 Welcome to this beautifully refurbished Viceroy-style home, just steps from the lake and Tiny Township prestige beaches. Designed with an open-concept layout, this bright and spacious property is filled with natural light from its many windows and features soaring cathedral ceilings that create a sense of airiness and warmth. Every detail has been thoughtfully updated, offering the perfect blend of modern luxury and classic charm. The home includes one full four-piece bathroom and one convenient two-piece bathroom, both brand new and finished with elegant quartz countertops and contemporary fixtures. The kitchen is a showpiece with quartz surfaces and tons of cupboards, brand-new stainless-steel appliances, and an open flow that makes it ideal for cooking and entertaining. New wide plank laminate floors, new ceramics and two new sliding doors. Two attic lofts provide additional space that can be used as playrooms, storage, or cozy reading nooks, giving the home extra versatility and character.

____

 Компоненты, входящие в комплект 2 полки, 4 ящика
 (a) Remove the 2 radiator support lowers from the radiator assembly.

____

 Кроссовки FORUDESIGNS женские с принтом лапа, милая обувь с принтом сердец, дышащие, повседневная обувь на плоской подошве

____

WORK ITEM.
Taking the records above, retype every line from the one with "Компоненты, входящие в" down to the one with "(a) Remove the", exactly and with nothing else.

EXPECTED OUTPUT.
 Компоненты, входящие в комплект 2 полки, 4 ящика
 (a) Remove the 2 radiator support lowers from the radiator assembly.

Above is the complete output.